The organization of lateral septal connections has been re-examined with respect to its newly defined subdivisions, using anterograde (PHAL) and retrograde (fluorogold) axonal tracer methods. The results confirm that progressively more ventral transverse bands in the hippocampus (defined by the orientation of the trisynaptic circuit) innervate progressively more ventral, transversely oriented sheets in the lateral septum. In addition, hippocampal field CA3 projects selectively to the caudal part of the lateral septal nucleus, which occupies topologically lateral regions of the transverse sheets, whereas field CA1 and the subiculum project selectively to the rostral and ventral parts of the lateral septal nucleus, which occupy topologically medial regions of the transverse sheets. Finally, the evidence suggests that progressively more ventral hippocampal bands innervate progressively thicker lateral septal sheets. In contrast, ascending inputs to the lateral septum appear to define at least 20 vertically oriented bands or subdivisions arranged orthogonal to the hippocampal input (Risold, P.Y. and Swanson, L.W., Chemoarchitecture of the rat lateral septal nucleus, Brain Res. Rev., 24 (1997) 91-113).

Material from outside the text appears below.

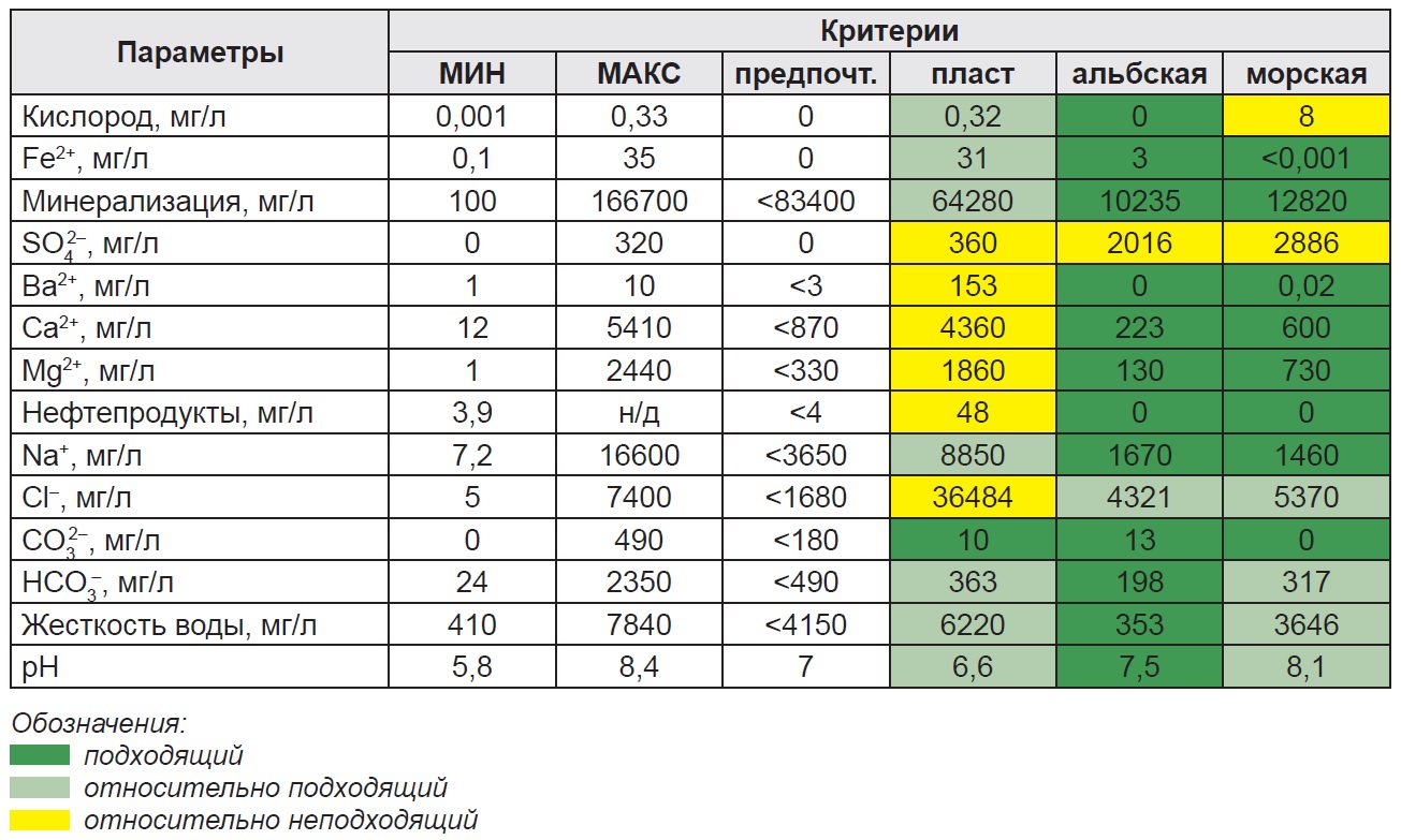 При анализе компонентного состава воды с м. Узень было выявлено большое количество сульфатов. В случае использования воды есть риск солеотложения. При очистке воды от сульфатов также велика вероятность растворения кислорода в воде. В используемой пластовой воде есть риск образования нерастворимого осадка в виде сульфата бария (BaSO4). Для использования пластовой воды необходимо проводить более глубокую очистку от нефтепродуктов и механических примесей. Морская вода характеризуется избыточным наличием кислорода, что потребует дополнительных капитальных и операционных затрат на подготовку. В аспекте химической деструкции полимера рекомендуется использовать альбскую воду ввиду отсутствия кислорода и низкой концентрации Fe²+. Концентрация Ca²+, Mg²+ также находятся в благоприятном диапазоне. Более того, анализ доступности водоснабжения альбской водой на месторождении показал, что присутствует возможность использования 19 тыс. м3/сут (7 млн м3/г.) с возможностью увеличения объема подачи до 47 тыс. м3/сут (17 млн м3/г.). В случае положительных результатов пилотного испытания, объем альбской воды будет достаточен и для более масштабного промышленного испытания.

Hypothalamic nuclei forming parts of behavior-specific subsystems share bidirectional connections with specific subdivisions of the lateral septal nucleus (especially the rostral part), suggesting that specific domains in the hippocampus may influence specific hypothalamic behavioral systems. In contrast, the caudal part of the lateral septal nucleus projects to the lateral hypothalamus and to the supramammillary nucleus, which projects back to the hippocampus and receives its major inputs from brainstem cell groups thought to regulate behavioral state. The neural system mediating defensive behavior shows these features rather clearly, and what is known about its organization is discussed in some detail.